How many times over the last week have readers of the BBC News website been told that Israeli building tenders in Jerusalem and Judea & Samaria threaten to “sabotage” peace talks?  

On Sunday, August 11th they were told so in no fewer than three separate reports: “Israel backs new Jewish settlement homes, “New West Bank settlement homes anger Palestinians and the filmed report by Kevin Connolly which also appeared on BBC television news “New Israeli settlement homes anger Palestinians– which stayed up on the website for an additional four days. 

August 12th saw the appearance of an article titled “Israel names 26 Palestinian prisoners for release in which the same meme was also promoted, as well as an item by Jonathan Marcus entitled “Does Middle-East peace process matter? in which he misleadingly suggests that a construction freeze was part of the “understanding” reached in order to resume the latest round of talks. That article has been featured on the website for eight days – and counting.

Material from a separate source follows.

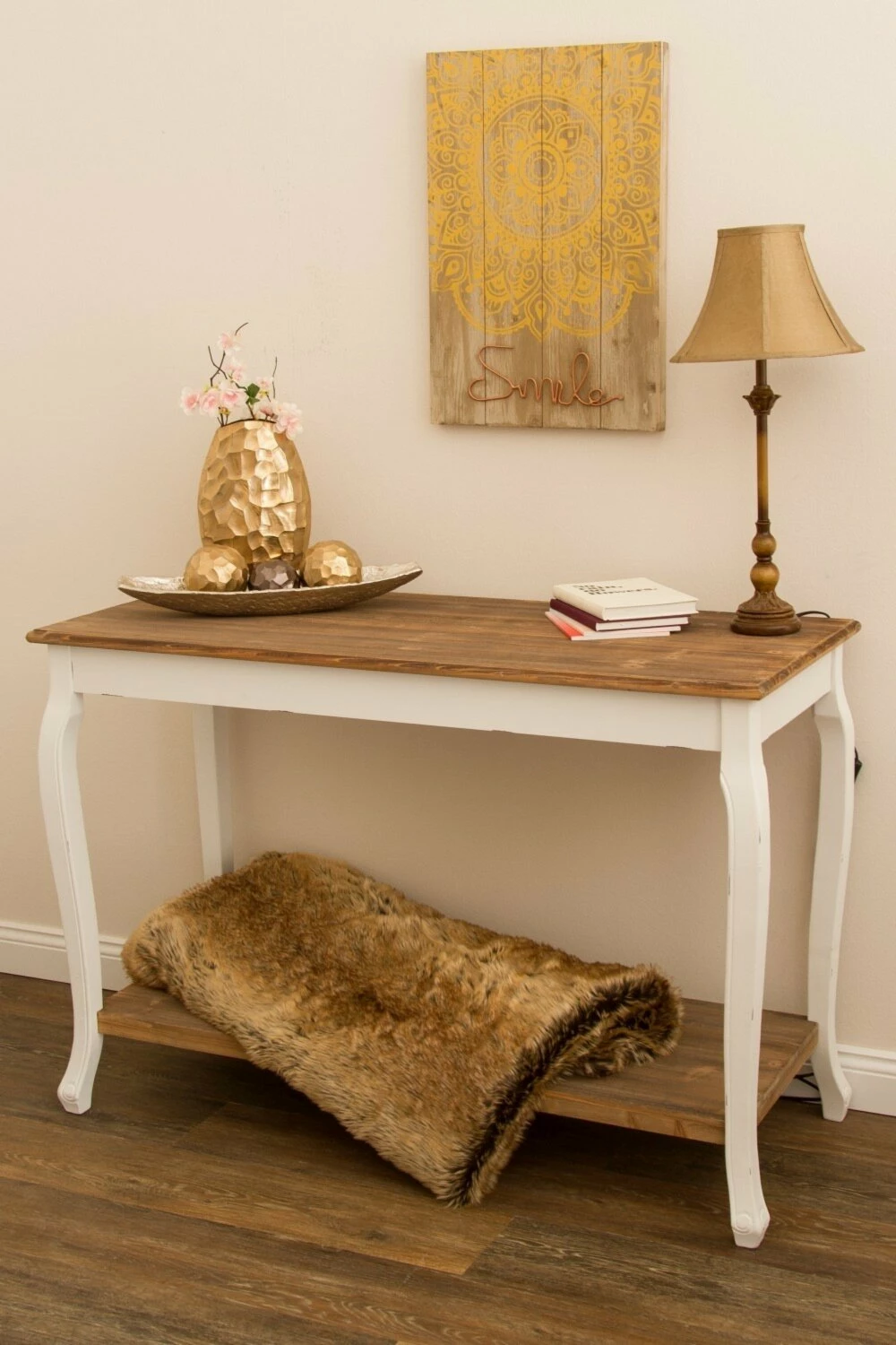 Der Konsolentisch ADRIANA ist in Weiß gehalten mit geschwungenen Beinen. Eine Tischplatte und eine Ablagefläche in Naturtönen steht im harmonischen Kontrast zum Gestell. Platzieren Sie diesen Tisch in der Diele oder Verwenden ihn als Schmink- und Frisiertisch.

On August 13th the BBC published an article called “Kerry: Israeli settlements move was expected which also promoted the notion that Israeli building would “sabotage” the talks. The same day also saw the appearance of a report by Kevin Connolly titled “Little hope for talks among Israelis and Palestinians in which the same meme was advanced. That report stayed on the website for three days in all. Another article titled “Palestinian prisoners ‘moved’ before Israel release devoted over half its word count to the subject of Israeli building. 

August 14th saw the appearance of three reports – one written (“Israel releases 26 Palestinian prisoners ahead of talks) and two filmed – both titled “Israel frees Palestinian prisoners“, both by Yolande Knell (see here and here) and both of which also appeared on BBC television news as well as on the website again the following day.  All of those reports purported to report on the release of Palestinian prisoners, but all of them also promoted the ‘building sabotages peace talks’ meme. Also on the same day an article by BBC Monitoring entitled Q&A: Israeli-Palestinian talks in Jerusalem was published in which the subject of building tenders was reported to have caused “dismay” to Palestinians. 

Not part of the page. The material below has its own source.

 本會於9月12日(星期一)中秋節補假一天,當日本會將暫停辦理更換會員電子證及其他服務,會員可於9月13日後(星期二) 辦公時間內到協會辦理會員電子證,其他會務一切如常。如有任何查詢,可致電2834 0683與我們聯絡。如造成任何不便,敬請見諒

On August 15th (and for three additional days afterwards) the BBC News website carried a report titled Israel-Palestinian peace talks resume in Jerusalem  which promotes the claim that: 

“Jewish settlements in the occupied West Bank and East Jerusalem have continued to overshadow the resumption.

The issue halted the last direct talks in September 2010 and Palestinian representatives have accused Israel of trying to sabotage the latest negotiations.

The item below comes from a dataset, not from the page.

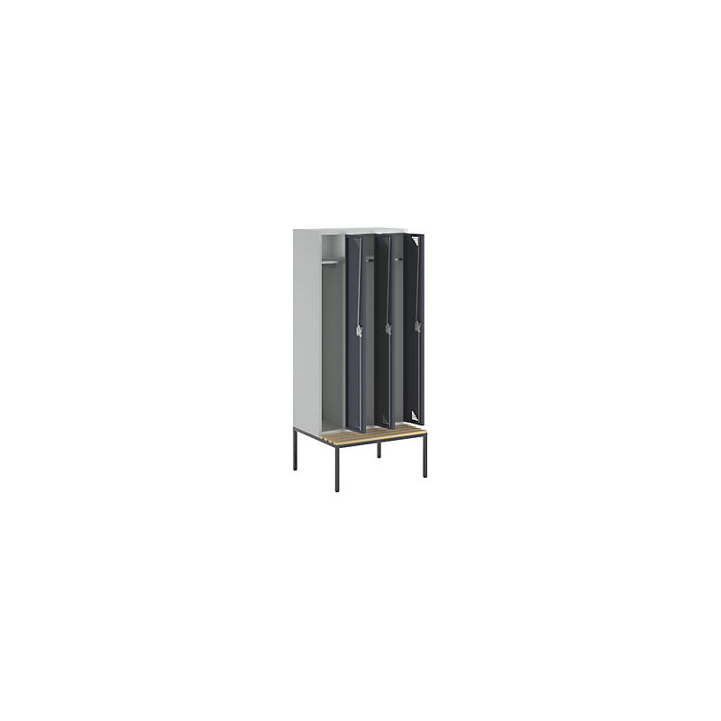 Armadio multiuso e armadio guardaroba, con panca, 3 scomparti, larghezza 900 mm, ante grigio antracite. Fornitura = montato. Altezza = 2140 mm. Larghezza = 900 mm. Profondità = 805 mm. Colore corpo = grigio chiaro RAL 7035. Colore porta = grigio antracite RAL 7016. Serratura = chiavistello girevole di sicurezza. Numero scomparti in larghezza = 3 pz. Materiale = lamiera d'acciaio, con verniciatura a forno. Larghezza scomparti = 300 mm. Profondità scomparti = 500 mm. Dotazione interna = 1 cappelliera, 1 asta appendiabiti con 3 ganci. Altezza sedile = 415 mm. Profondità sedile = 300 mm. Altezza armadio = 1750 mm. Profondità armadio = 500 mm. Tipo di porta = ante piene. Colore doghe = faggio. Colore telaio = nero. Serie = BREMEN. Larghezza interna = 298 mm. Altezza interna = 250 / 1420 mm. Con panca portante. Finecorsa di apertura integrato. Da chiusa, la serratura può essere ruotata di 360°, contro i tentativi di apertura forzata. Aerazione mediante fori sulle ante e sulla parete

In recent days Israel has announced plans for more than 2,000 new settlement homes.

Palestine Liberation Organisation (PLO) official Yasser Abed Rabbo said the settlement expansion was “unprecedented”.

“The talks might collapse any time because of the Israeli practices,” he told Voice of Palestine radio.”

As we see, a regular reader of the BBC News website would have been exposed to the meme that Israel announced the issuing of building tenders on August 11th as a means of “sabotaging” the renewed talks – and hence a threat to peace in general – in no fewer than thirteen reports published on the website in the period August 11th to August 15th inclusive. Naturally, the promotion of that meme was often accompanied by now standard misleading BBC slogans such as:

“Israeli settlements in the West Bank and East Jerusalem are considered illegal under international law, although Israel disputes this.”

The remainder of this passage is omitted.